SOUNDS LIKE SOLID ADVICE


----------



## Seanp156 (Nov 18, 2004)

Earlier today I did this section of the routine:
   Wed: Chest / Shoulders

   DB bench press 3 x 8-10
   Dips 3 x 8-10
   Millitary Press 3 x 8-10
   Upright rows 2 x 8-10
   Close Grip Bench Press 2 x 8-10

 Only thing I really had trouble with was the military press, felt kind of awkward for some reason like it worked my upper back more than my chest. The upright rows felt a little weird too, I'm not sure why. For some reason I feel like I'm starting over almost totally, I could hardly add any weight to the barbell when I did 10 reps. I feel so weak, lol.


----------



## CowPimp (Nov 18, 2004)

Seanp156 said:
			
		

> Earlier today I did this section of the routine:
> Wed: Chest / Shoulders
> 
> DB bench press 3 x 8-10
> ...



That's a good loking routine.  Just keep at it.  Progression is the key.


----------



## Seanp156 (Nov 18, 2004)

Yeah, I'm a bit confused knowing when, and by how much I should increase weight on specific exercises, any suggestions? I guess the simplest thing I can think of is increase it when it's not challenge to do the alloted sets/reps.


----------



## Randy (Nov 18, 2004)

Seanp156 said:
			
		

> Earlier today I did this section of the routine:
> Wed: Chest / Shoulders
> 
> DB bench press 3 x 8-10
> ...


Sean,

Military Press should be primarily working your Delts, not a lot of focus on chest.


----------



## KarlW (Nov 18, 2004)

> For some reason I feel like I'm starting over almost totally



Good cause you practically are!.

As for military presses, they are for the shoulders not the chest. There is a variety of ways you can do them (standing, seated, with barbell or DB, etc). I usually find seated with DB's the best, although I do standing BB presses sometimes. Just be careful about doing them behind the neck (have a read about this elsewhere so you can make up your own mind).

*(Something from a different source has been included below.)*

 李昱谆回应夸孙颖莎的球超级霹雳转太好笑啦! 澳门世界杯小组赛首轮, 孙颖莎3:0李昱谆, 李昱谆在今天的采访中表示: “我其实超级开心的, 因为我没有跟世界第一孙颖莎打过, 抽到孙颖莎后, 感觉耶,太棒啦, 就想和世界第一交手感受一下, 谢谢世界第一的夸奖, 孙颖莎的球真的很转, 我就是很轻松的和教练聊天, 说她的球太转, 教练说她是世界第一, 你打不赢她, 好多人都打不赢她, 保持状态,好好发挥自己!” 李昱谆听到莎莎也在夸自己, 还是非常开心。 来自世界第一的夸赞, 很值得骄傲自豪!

Upright rows, if done correctly DO take some getting use to AND are not supposed to be done with massive amounts of weight. What you say is good, means you're taking it nice and slow. When you achieve the upper limit of the rep range for a set (like 10 in the case of 3 x 8-10) before failure then you need to increase the weight. By how much? only you will know through experience.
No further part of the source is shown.